Coming to Terms: South Africa's Search for Truth; Facing the Truth: South African Faith Communities and the Truth and Reconciliation Commission; Looking Back, Reaching Forward: Reflections on the Truth and Reconciliation Commission of South Africa

Written for different audiences at different levels, these three books explore the political, legal, and moral principles at play in South Africa's ongoing Truth and Reconciliation Commission (TRC). Meredith offers a lively journalistic description of the background and operation of the commission, its major dramatis personae, and the findings in its voluminous 1998 report. An afterword by Tina Rosenberg sets the South African exercise in the context of truth commissions in Latin America, eastern Europe, and elsewhere. Villa-Vicencio and Verwoerd have assembled 28 essays that collectively survey the origins, philosophy, achievements, and weaknesses of the commission. Readers will need some prior familiarity with South Africa's history and the workings of the TRC to absorb the full import of many of these intellectual reflections, which are written mainly for a South African audience.

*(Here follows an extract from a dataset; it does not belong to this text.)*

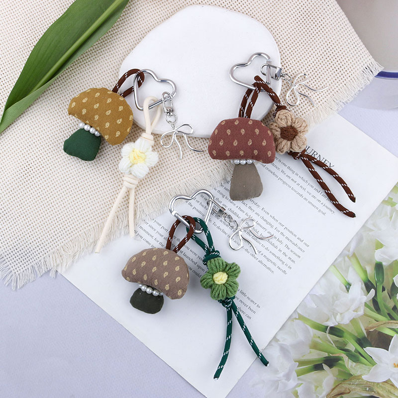 新款网红miu风布艺森系蘑菇花朵钥匙扣手机包包挂饰情侣百搭挂件

The authors, some of whom are prominent figures, are drawn from all South African ethnic groups. The more specialized work edited by Cochrane and his colleagues illuminates how South African religious organizations sought to explain, apologize for, or in some cases justify to the TRC their actions and inactions during the apartheid era. All three books are important tools for understanding what some commentators have judged to be the world's most effective national truth commission to date.